When applying to have her work shown in galleries, she refers to it as drawings. “I always thought of it as an art piece, and thank God it was accepted as such,” says Kotani, “otherwise, I’d have to have a real conversation with myself.”
Rob Tarbell
If you hold a cigarette next to a piece of paper, absolutely nothing happens. This is what happened, or rather what didn’t happen, when artist Rob Tarbell first tried it about 12 years ago. Yet Tarbell knew, from the Sistine Chapel, that smoke accumulation leads to a darkening of sorts.
Rather than seeing smoke as something that obscures art, as with the Sistine Chapel, Tarbell saw it as something that could create art. He burned different objects until he came upon his current favorites — credit cards, gift cards and 35 mm film (Toxic, by the way. Don’t do this at home.). Then he directed the flame as a painter would direct their paintbrush.
Tarbell’s Diagnostics series looks like drawings made with smoke on paper. The series was inspired by an old parlor trick popular in the early 1900s called “ghost of my friend.” The way it works: You have your friend sign a piece of paper. While the ink is still wet, you fold the paper in half. Thus the signature becomes an ink blot like those psychologists use.
In psychology it’s called a Rorschach test, and there’s a book for interpreting these. Tarbell used Exner’s The Rorschach, Basic Foundations and Principles of Interpretation to analyze and name the images. Then he re-created them in smoke.
Five of these smoky inkblots reside in the hallway between galleries at the Leepa-Rattner Museum of Art. They look skeletal to me, like x-ray images. I rarely see what’s in the title. In "Follies of the Wise, or Spider" I don’t see a spider at all. I see a skeleton. In "Airplane, Lobster," I see a bulldog with a beard wearing a headdress.
In "Alligator, Crown," I see a human skull. Below, the torso appears filled with gears, like the internal workings of a clock. The stacked shape makes the assemblage look like a demented snowman. Or perhaps that bottom segment is a frog.
In "Bear, Dog, Human," I do see a human face, but it looks like face of a villain or the face of death.
The interesting thing about the Diagnostics series is that it forces you to look inside yourself and question why you are seeing what you are seeing.

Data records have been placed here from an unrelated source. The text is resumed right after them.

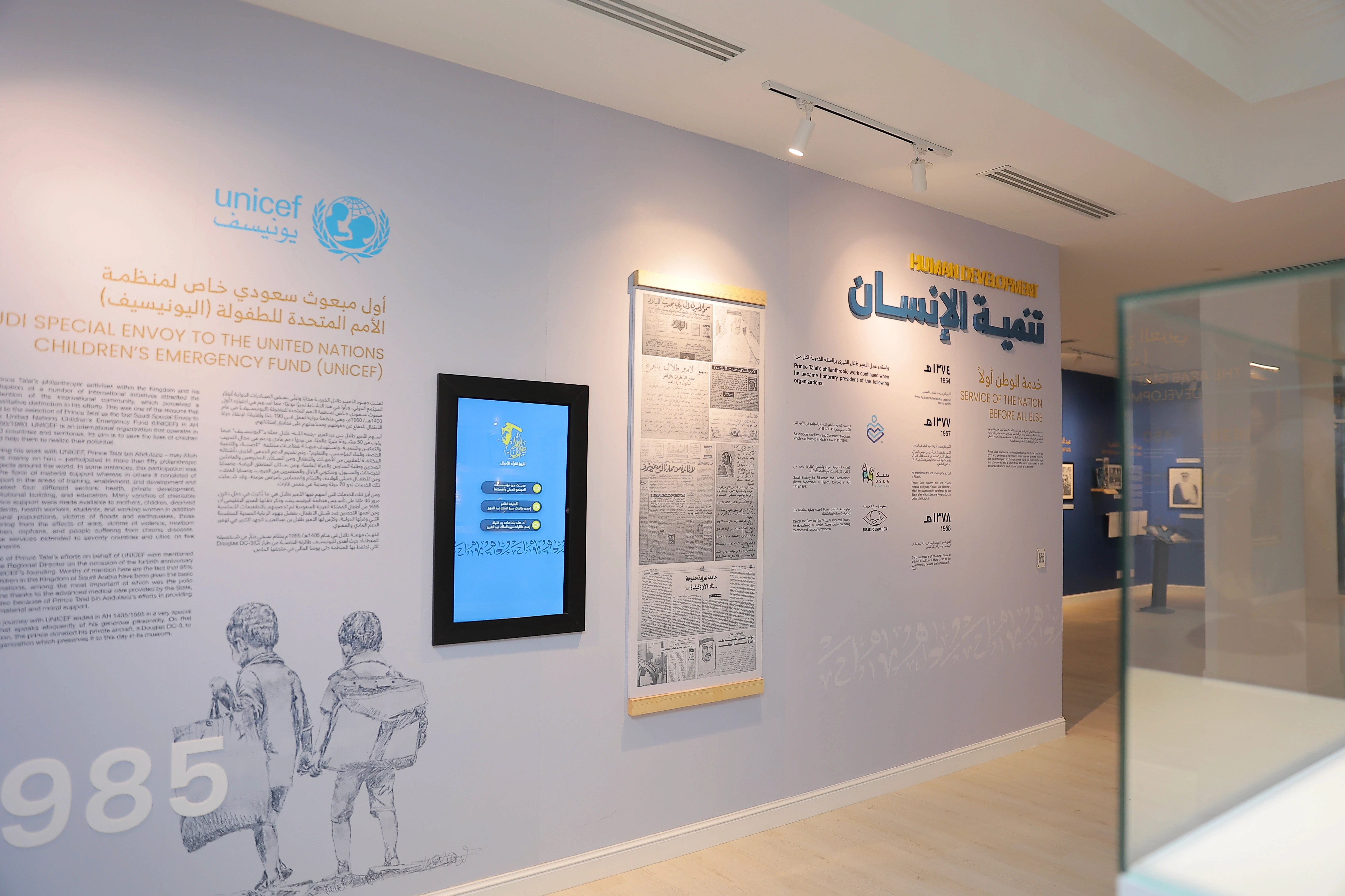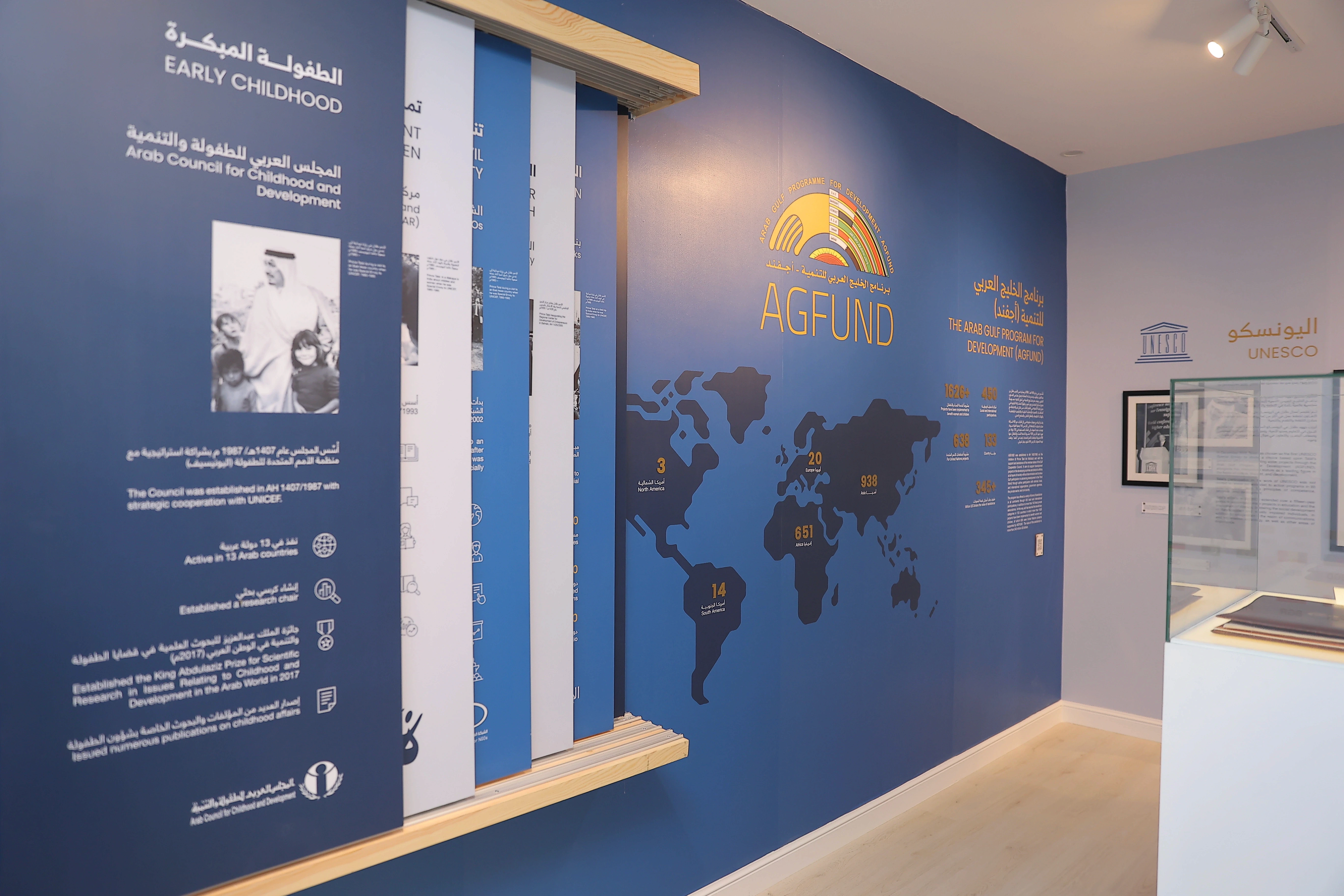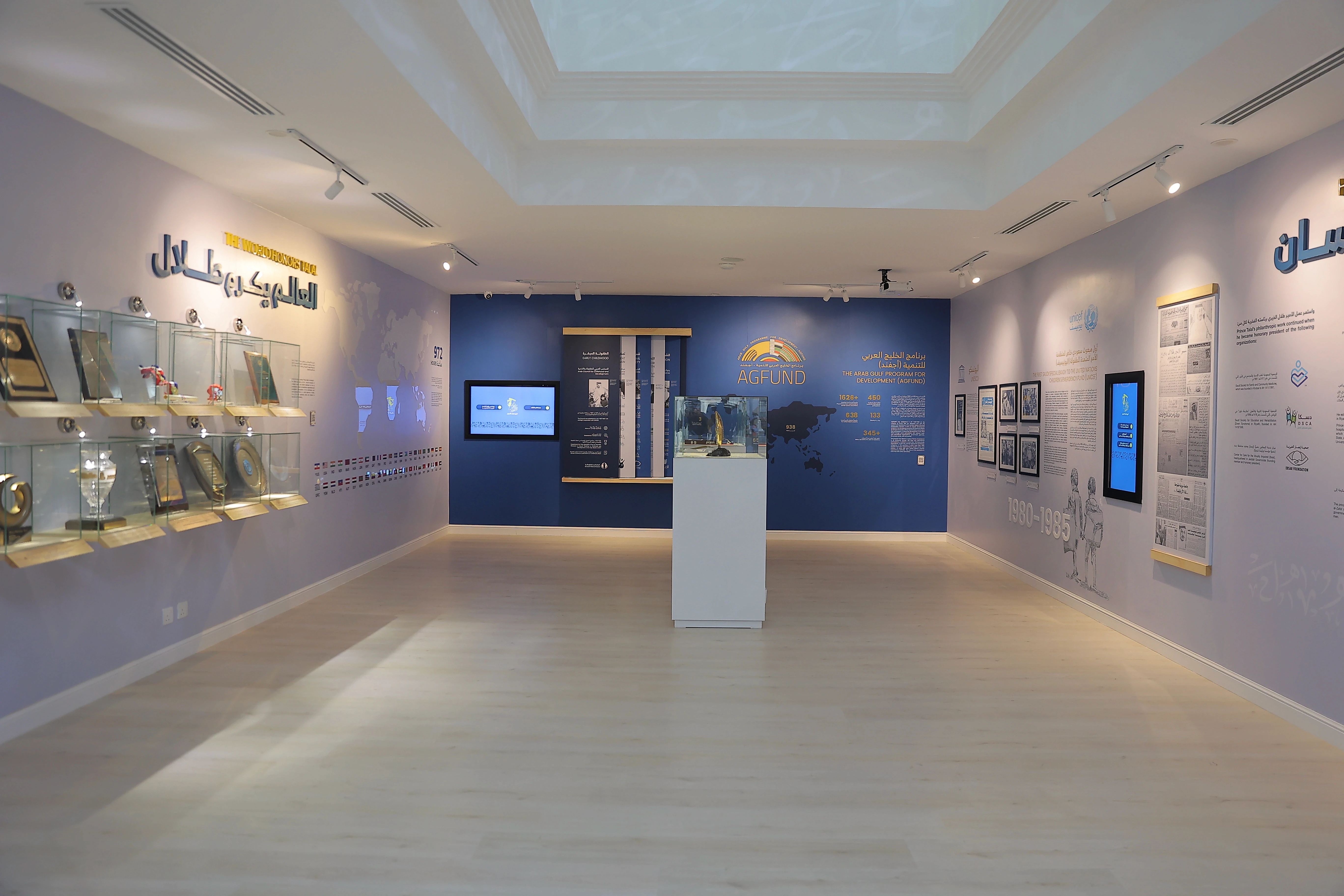 Design, delivery, and visitor experience for a museum exhibition that tells the story of the organization and its founder, linking the founder’s journey to the organization’s development and humanitarian role through a visual narrative and integrated textual content that highlights the founder’s vision and its impact on shaping AGFUND’s achievements, within a clear, progressive museum experience for visitors.
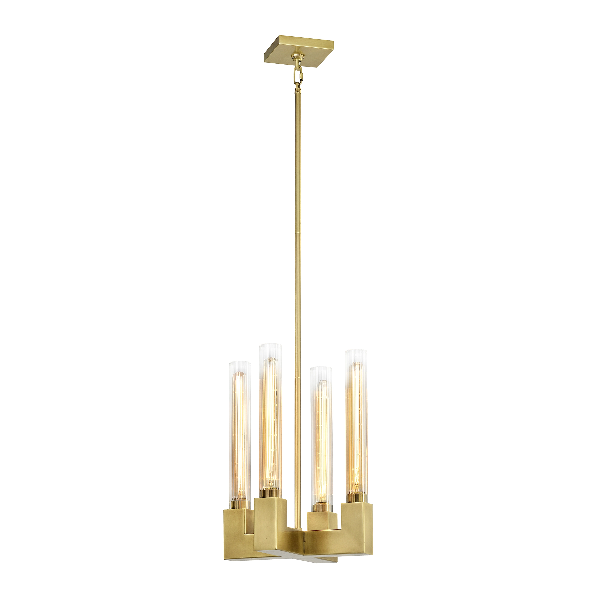 4-Light 12" Arm Styled Square Pendant with Clear Fluted Cylindrical Glass Shades Settled on a Sleek Aged Brass Arm Styled Frame.
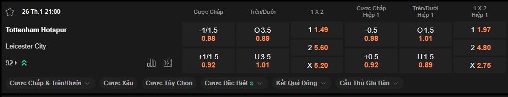 Soi kèo châu Á Tottenham vs Leicester: 0.96*1/1.5*0.84

There are four different Tarbell series on display at LRMA, but it is the ghostly, skeletal Diagnostics series that still haunts me (and I mean that as a compliment).
If you watch the videos at LRMA, playing on a 26 minute loop, you’ll see Rob Tarbell sending smoke onto a canvas above his head, Nathan Beard cutting unbelievably thin strips of tape and applying them to canvas, and Akiko Kotani stitching her lines of silk to form drawings in fabric. LRMA’s Unexpected: Art by Alternative Means is a celebration of invention and creativity you really shouldn’t miss.